В. Демин, анализируя фильм И. Хейфица «Дама с собачкой», приходит к итогам неутешительным: У Чехова только «две приметы ночи», а на экране, — замечает критик, — будет «ночь, со всем набором тургеневских подробностей»34. А хорошо известно, что А.П. Чехов еще в 1893 году так отзывался о тургеневских «подробностях»: «Описания природы хороши, но... чувствую, что мы уже отвыкаем от описаний такого рода...» (в письме А.С. Суворину, 24 февраля). Да, пейзаж в фильме «Степь» дан «со всем набором тургеневских подробностей». Но дело не в этом. Дело в том, что принцип подхода к интерпретации образа степи — нечеховский. Автор фильма передает свое «восхищение землей»35, а отношение писателя гораздо более сложное — кроме восхищения в нем и боль, и грусть, и страх. Степь — это, в понимании автора, символ русской жизни и в какой-то степени и русского человека со всем, что есть в ней (и в нем) и прекрасного («торжество красоты») и безобразного («скука и зной»). Поэтому писатель и выбирает лик таганрогской степи в самое немилосердное по жаре время (июль). Авторы же фильма, ставя перед собой задачу степь воспеть, наталкиваются на сопротивление фактуры этой выжженной июльской степи, и в песнь «торжеству красоты» вторгаются ноты фальши.
Пейзаж в рассказах Чехова создает и передает настроение. Это как музыкальное сопровождение, дающее эмоциональный толчок восприятию читателя: «Описания природы, — советует А.П. Чехов А.В. Жиркевичу, — тогда лишь уместны и не портят дела, когда они помогают Вам сообщить читателю то или другое настроение, как музыка в мелодекламации» (письмо от 2 апреля 1895 г.). В фильме же пейзаж дан в одном тоне, о ком бы ни шла речь, — о Егорушке ли, о Пантелее или о Варламове. «Смело накладываемые тени» — эта особенность чеховской манеры менее всего соотносится со статичным изобразительным решением фильма. Оно и по характеру, и по гамме приближается скорее к Венецианову (алая рубаха Егорушки, яркий сарафан жницы), чем к современным Чехову импрессионистам, с которыми сближал Чехова Толстой.
Система связей в чеховском мире музыкальна36.
А «из всех элементов пластики... ближе всего к музыке... лежит пейзаж»37, задача которого в творчестве А.П. Чехова — передать атмосферу, меняющееся настроение, психологическое состояние действующих персонажей. Наверное, поэтому его рассказы так влекли к себе великих музыкантов — об опере на чеховские сюжеты мечтал Чайковский, обдумывал оперу «Дядя Ваня» Рахманинов, и его романс «Мы отдохнем» (1906) возник, возможно, в связи с этим замыслом. А рассказ «На пути» (1886) послужил Рахманинову программой для создания симфонической фантазии.

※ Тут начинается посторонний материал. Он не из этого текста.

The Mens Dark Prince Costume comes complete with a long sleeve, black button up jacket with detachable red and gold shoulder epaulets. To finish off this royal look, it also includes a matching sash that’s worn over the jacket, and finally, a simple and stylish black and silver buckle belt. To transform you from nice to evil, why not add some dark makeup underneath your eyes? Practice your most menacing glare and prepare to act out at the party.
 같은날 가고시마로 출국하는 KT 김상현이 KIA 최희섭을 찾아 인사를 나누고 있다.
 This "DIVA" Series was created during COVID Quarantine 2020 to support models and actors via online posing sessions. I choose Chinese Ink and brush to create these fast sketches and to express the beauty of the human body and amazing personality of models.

Вот почему пейзаж при экранизациях Чехова должен стать «художественной доминантой» перевода.
Думается, что «сюита туманов» в фильме С. Эйзенштейна «Броненосец «Потемкин» по принципу решения близка к чеховским описаниям природы: она — как писал сам режиссер38, — несла в себе функцию музыкальную: «туманы» рождали ощущение тишины и покоя, а «лучи солнца» — надежду.
Привлекает смелое решение эпизода «на голубятне» в фильме «Главный свидетель» (оператор Е. Васильев). Вот здесь, в этом эпизоде, пейзаж — чистое, сияющее голубизной небо — нес в себе эмоциональное напряжение, передавая состояние героев. Интересен и образ природы в фильме «Мой ласковый и нежный зверь» (оператор А. Петрицкий). В фильме действительно звучит целая «лесная симфония» — лес то радостный, то мрачный, но всегда одинаково мощный, несет в себе силу чеховского голоса. К сожалению, могучая сила натуры еще резче подчеркнула ненатуральность того, что совершалось при этом на экране меж людьми.

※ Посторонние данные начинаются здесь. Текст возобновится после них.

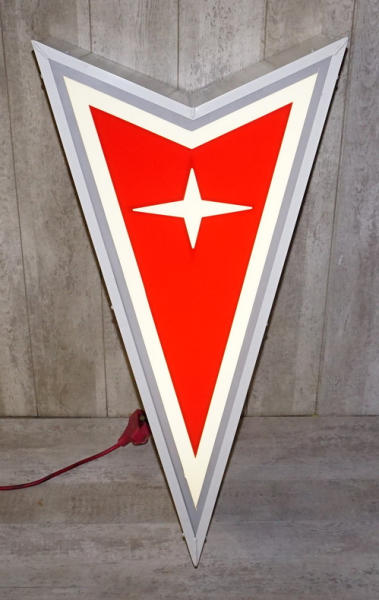 42"x21.5" overall, lights up and works good, plastic face, original metal can

Истоки кинематографа не только в искусстве слова и музыке, но и в живописи. Поэтому режиссеры, решая изобразительную палитру картины, часто ищут аналогии в живописи. Тем более это необходимо при экранизации. И анализируя режиссуру Алова и Наумова при создании «Легенды о Тиле», собравшую в себя особенности полотен Брейгеля, М. Зак прав, говоря, что «полотна Брейгеля и книга де Костера объединились задолго до выхода на экраны «Тиля»39.

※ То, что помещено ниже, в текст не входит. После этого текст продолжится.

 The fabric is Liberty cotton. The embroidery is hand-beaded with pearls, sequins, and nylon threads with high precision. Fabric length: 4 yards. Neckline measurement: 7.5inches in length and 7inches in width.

Так «задолго» до экрана объединились и временем и структурно живопись Левитана и поэтика Чехова. Именно в кинематографе может осуществиться гармония гениальной «триады — Чехов, Левитан и Чайковский»40: слово, краски и музыка.
Примеры удачных пейзажных решений в чеховских экранизациях — финал фильма И. Хейфица «Дама с собачкой» и предфинальное объяснение Платонова и Софьи в фильме Н. Михалкова «Неоконченная пьеса для механического пианино». Природа в этих эпизодах «прорисована» чеховскими мазками — ночь, свет луны, блестящая от этого света река, уходящее за горизонт поле, тень от дерева (у Михалкова) и ночь, полоса света, падающая от лампы в окне, темный силуэт Анны Сергеевны, снег (у Хейфица).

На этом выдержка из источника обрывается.